EXERCISE GOAL:
Produce the lines from the one containing "Wat deze woning" through the end of the material exactly as they appear, both ends included, and leave the pictures out.

PROVIDED MATERIAL:
· · ·
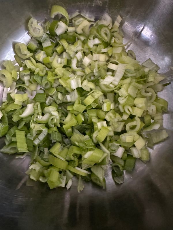 手上抹一些食用油,使劲揉搓面团,排出里面的气体,然后静置10分钟,二次醒发。醒发后,把提前切好的葱花分多次,洒在面团上,用手揉抓,使葱花和面团充分融合。
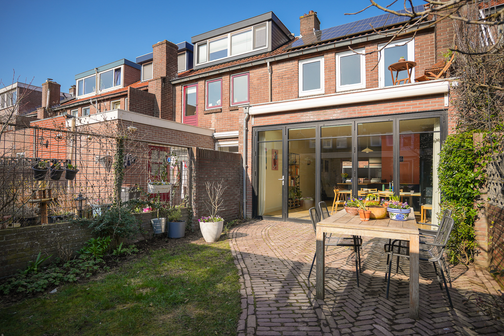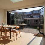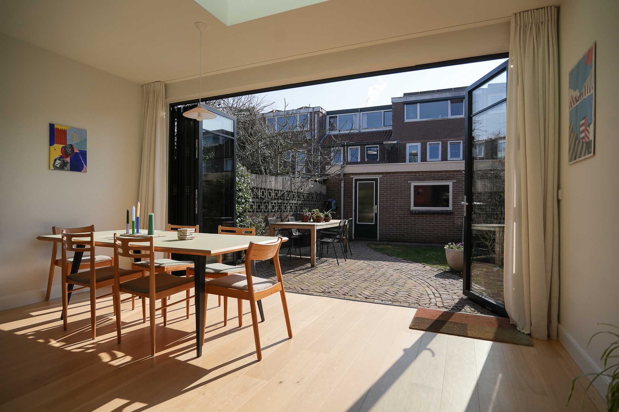 Wat deze woning direct bijzonder maakt, is de fijne leefruimte op de begane grond. Dankzij de uitbouw, de lichtstraat en de grote harmonicadeuren aan de achterzijde is dit een heerlijk licht huis. Zet de harmonicadeuren open en de hele achtergevel opent zich naar de tuin op het zuiden. Zo lopen binnen en buiten op een natuurlijke manier in elkaar over. De strakke afwerking wordt op de eerste verdieping stijlvol voortgezet met twee slaapkamers over de volle breedte en een moderne badkamer. De tweede verdieping is een verdieping waar je als koper nog alle kanten op kunt.
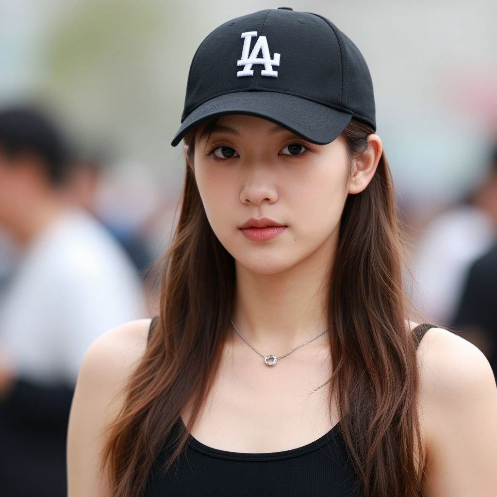 Photograph of an East Asian woman with fair skin and long, straight brown hair, wearing a black baseball cap with a white "LA" logo, a black tank top, and a delicate silver necklace with a small pendant. She has a neutral expression and is looking directly at the camera. The background is blurred, showing indistinct figures and a bright, outdoor setting. Her makeup is minimal, and the lighting is natural, highlighting her clear skin. The overall style is casual and modern.
· · ·
ANSWER:
 Wat deze woning direct bijzonder maakt, is de fijne leefruimte op de begane grond. Dankzij de uitbouw, de lichtstraat en de grote harmonicadeuren aan de achterzijde is dit een heerlijk licht huis. Zet de harmonicadeuren open en de hele achtergevel opent zich naar de tuin op het zuiden. Zo lopen binnen en buiten op een natuurlijke manier in elkaar over. De strakke afwerking wordt op de eerste verdieping stijlvol voortgezet met twee slaapkamers over de volle breedte en een moderne badkamer. De tweede verdieping is een verdieping waar je als koper nog alle kanten op kunt.
 Photograph of an East Asian woman with fair skin and long, straight brown hair, wearing a black baseball cap with a white "LA" logo, a black tank top, and a delicate silver necklace with a small pendant. She has a neutral expression and is looking directly at the camera. The background is blurred, showing indistinct figures and a bright, outdoor setting. Her makeup is minimal, and the lighting is natural, highlighting her clear skin. The overall style is casual and modern.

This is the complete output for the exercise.